In questo periodo di crisi pandemica il personale sociosanitario è stato più volte citato come indispensabile e siamo stati visti come eroi(ne) di guerra. Tuttavia l’opinione pubblica, e in parte anche quella politica, si dimenticano spesso che quanto viene fatto giornalmente nelle strutture ospedaliere, nelle case anziani, nei servizi di assistenza e cura a domicilio e nelle istituzioni sociali è la norma, da quando esistono queste professioni. Il nostro operato molte volte viene ancora visto come una vocazione e non come una professione che richiede molto impegno. Infatti i turni nei giorni festivi e di notte, la burocrazia crescente, lo spostamento frequente dei giorni di riposo, i picchetti (ufficiali e ufficiosi) cui siamo sottoposti… spiegano perché noi operatrici e operatori siamo sovente stanchi.
Abbiamo scelto questo lavoro perché ci dà soddisfazione, perché è una scuola per la nostra vita, perché essere al servizio di chi ha bisogno delle nostre cure è fonte di gioia e ci fa sentire utili.
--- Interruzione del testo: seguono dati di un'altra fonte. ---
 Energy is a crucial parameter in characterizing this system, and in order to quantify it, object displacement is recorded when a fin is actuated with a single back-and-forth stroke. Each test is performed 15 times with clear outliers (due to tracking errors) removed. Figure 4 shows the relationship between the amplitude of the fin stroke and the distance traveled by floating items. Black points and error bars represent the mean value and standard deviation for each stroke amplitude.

Per essere performanti e sempre sul pezzo, come si dice al giorno d’oggi, abbiamo bisogno però di essere compresi e valorizzati, riconoscendo quanto facciamo tutti i giorni. Desideriamo essere adeguatamente considerati in termini di salario e di tempo libero. Vogliamo avere a disposizione più personale per avere turni di lavoro meno pesanti e godere di un giusto riposo. Il personale sanitario stanco e demotivato rischia di commettere errori e di entrare nella routine, che è il vero veleno per la qualità delle cure.
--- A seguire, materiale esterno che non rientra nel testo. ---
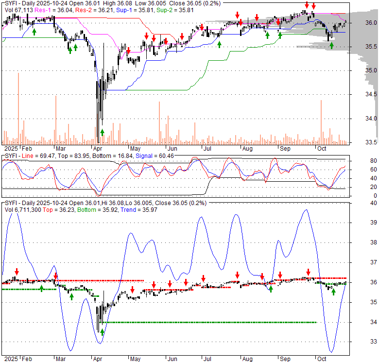 Price has closed above its short-term moving average. Short-term moving average is currently below mid-term; and above long-term moving average. From the relationship between price and moving averages: This stock is NEUTRAL in short-term; and NEUTRAL in mid-long term.[ SYFI ] has closed below upper band by 16.8%. Bollinger Bands are 11% wider than normal. The current width of the bands does not suggest anything about the future direction or movement of prices.

Fra otto anni sarò in età di pensionamento e quindi probabilmente beneficerò per poco tempo delle riforme che rivendico oggi, ma faccio appello alle nuove generazioni di non desistere e di lottare, affinché la nostra bellissima professione venga pienamente riconosciuta. Spero che i miglioramenti per i quali lottiamo possano stimolare altre/i giovani ad intraprendere questo cammino professionale. Vi invito dunque a partecipare alla mobilitazione del personale sociosanitario il prossimo 29 maggio.